What’s most interesting about Amitai Etzioni’s defense of airport strip-search machines is how rootless his approach to privacy problems is.

[O]ur public-policy decisions must balance two core values: Our commitment to individual rights and our commitment to the common good. Neither is a priori privileged. Thus, when threatened by the lethal SARS virus, we demanded that contagious people stay home—even though this limited their freedom to assemble and travel—because the contribution to the common good was high and the intrusion limited. Yet we banned the trading of medical records because these trades constituted a severe intrusion, but had no socially redeeming merit.

I disagree with this formulation, and I don’t know that he has accurately depicted the law on “trade” in medical records or the merits on that question. But more important here: these value-balancing precedents don’t guide his analysis of strip-search machines. Rather, he just concludes in favor of them using his own assessment of “the common good.”
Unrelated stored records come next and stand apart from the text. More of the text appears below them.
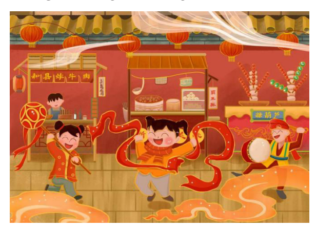
Fig. 6 – Yangko dancing (Student work)

traditional culture in the optimal and innovative design of the Overlord Temple and avoid design deviation and serious problems such as content homogenization. In a word, the distinctive local design of the Overlord Temple can be used to avoid affecting the effect of the inheritance of rural folk customs.
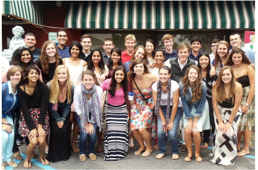
Above: The sophomores took the freshmen out to eat for the annual Sophomore-Freshman Class Lunch at the very beginning of the year
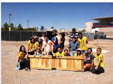
October 13, 2018 @ Las Vegas Wash with Generation Peace Academy
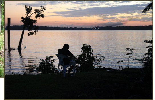
Time alone with God at youth camp

At least Etzioni is consistent. I wrote in my 2005 Pri​vac​il​la​.org review of his book, The Limits of Privacy: “[T]he book amounts to little more than bare assertion—one man’s argument—that privacy is not as important as other things. The argument appears unrooted in anything more than Etzioni’s opinions. ”


We have a long tradition of protecting individual rights. And we have processes for discovering the common good, such as markets, in which individual preferences agglomerate to sort it out for us. On the rare occassions when markets fail, political legislation and regulation may be a necessary substitute for natural processes. Somewhere quite a bit further down the list falls the technique “ask Amitai Etzioni.”